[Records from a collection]
··········
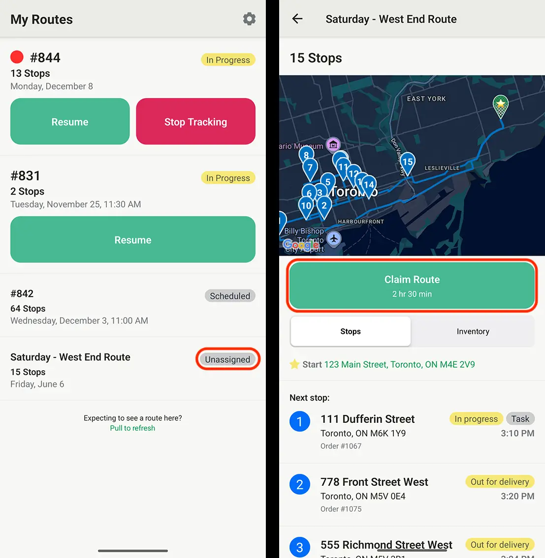 If any routes have been dispatched without an assigned driver, you may also be given the option to claim them. If any unassigned routes (indicated via the Unassigned badge below, left) are listed in your app, tap on one, then Claim Route to self-assign yourself to that route:
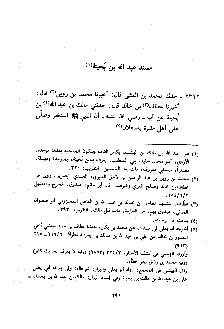 2312 - حدثنا محمد بن المثنى قال أخبرنا محمد بن روين قال أخبرنا عطاف بن خالد قال حدثني مالك بن عبد الله بن بحينة عَنْ أَبِيهِ رَضِيَ اللَّهُ عَنْهُ أَنَّ النَّبِيَّ استغفر وصلى على أهل مقبرة بعسقلان
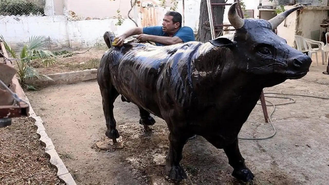 Hatay'ın İskenderun ilçesinde yaşayan seramik ve heykel ustası Selahattin Deniz, sipariş üzerine yapıp tamamladığını iddia ettiği 180 kilogram ağırlığında 2,5 metre boyundaki boğa heykeli müşteri tarafından teslim alınmayınca konuyu yargıya taşıdı.
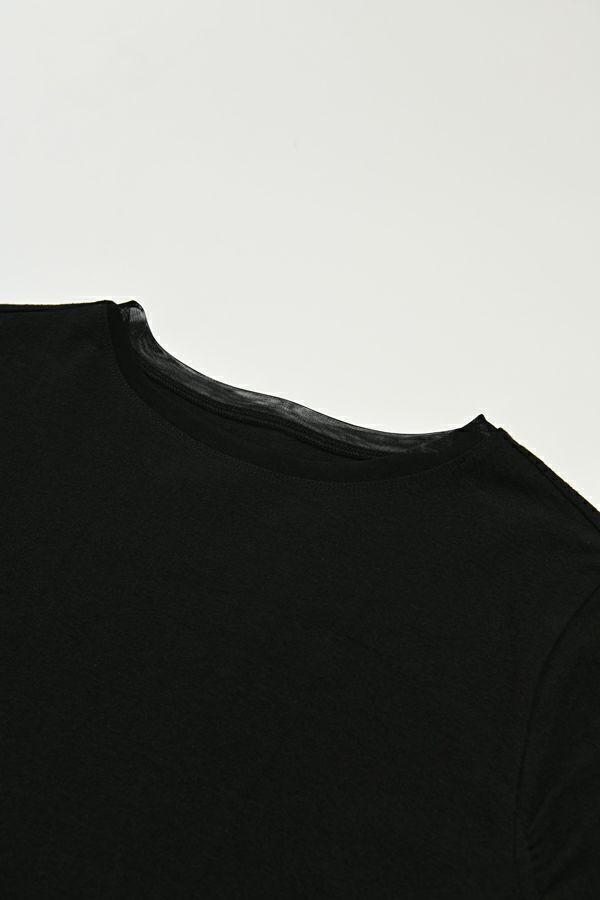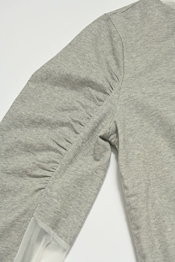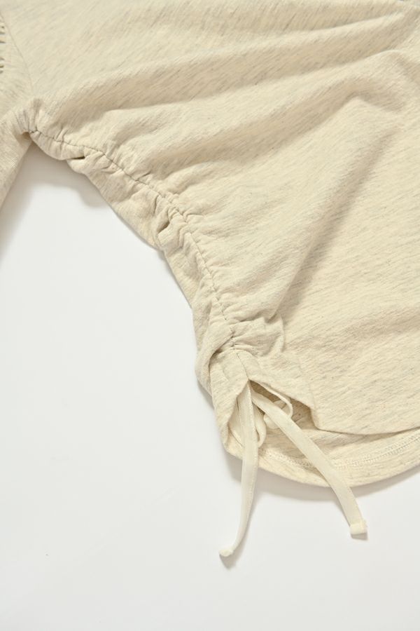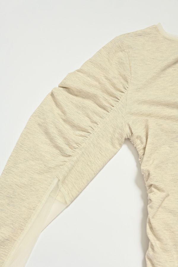 トレンドのパワーショルダーが目を惹くロンTEE。 シャリ感とドライな手触りが特徴的な生地感が新鮮。肩~袖にかけてボリューム感が加わったデザインのパワーショルダーは、存在感抜群。 身頃の両サイドをドローストリングさせ、シャーリングを作ると裾がカーブになり、全体にバランス良く立体感が出ます。 衿と袖下にメッシュ地の切替を入れ、程良いシアー感と華奢見えの要素もプラス。 後ろ姿にも拘りのアクセントを。大人っぽいレタリングで『Destiny』のロゴプリント入り。 存在感のあるデザインでワイドパンツ合わせから、タイトスカートなど幅広い着こなしと好相性です。メンズライクなボトム合わせで、大人のこなれ感あるスタイリングがおススメです。
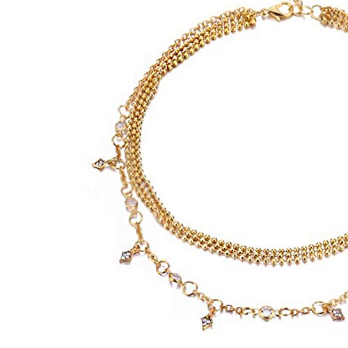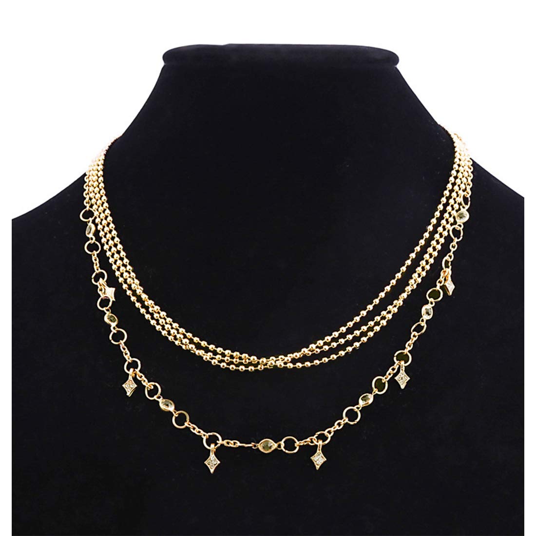 Trendy Fashion Multilayer Gold Toned Crystal Drop Choker Necklace for Women and Girls
··········
[DIRECTIONS]:
Each entry above should be copied word for word, with the images omitted.

[WRITTEN SOLUTION]:
 If any routes have been dispatched without an assigned driver, you may also be given the option to claim them. If any unassigned routes (indicated via the Unassigned badge below, left) are listed in your app, tap on one, then Claim Route to self-assign yourself to that route:
 2312 - حدثنا محمد بن المثنى قال أخبرنا محمد بن روين قال أخبرنا عطاف بن خالد قال حدثني مالك بن عبد الله بن بحينة عَنْ أَبِيهِ رَضِيَ اللَّهُ عَنْهُ أَنَّ النَّبِيَّ استغفر وصلى على أهل مقبرة بعسقلان
 Hatay'ın İskenderun ilçesinde yaşayan seramik ve heykel ustası Selahattin Deniz, sipariş üzerine yapıp tamamladığını iddia ettiği 180 kilogram ağırlığında 2,5 metre boyundaki boğa heykeli müşteri tarafından teslim alınmayınca konuyu yargıya taşıdı.
 トレンドのパワーショルダーが目を惹くロンTEE。 シャリ感とドライな手触りが特徴的な生地感が新鮮。肩~袖にかけてボリューム感が加わったデザインのパワーショルダーは、存在感抜群。 身頃の両サイドをドローストリングさせ、シャーリングを作ると裾がカーブになり、全体にバランス良く立体感が出ます。 衿と袖下にメッシュ地の切替を入れ、程良いシアー感と華奢見えの要素もプラス。 後ろ姿にも拘りのアクセントを。大人っぽいレタリングで『Destiny』のロゴプリント入り。 存在感のあるデザインでワイドパンツ合わせから、タイトスカートなど幅広い着こなしと好相性です。メンズライクなボトム合わせで、大人のこなれ感あるスタイリングがおススメです。
 Trendy Fashion Multilayer Gold Toned Crystal Drop Choker Necklace for Women and Girls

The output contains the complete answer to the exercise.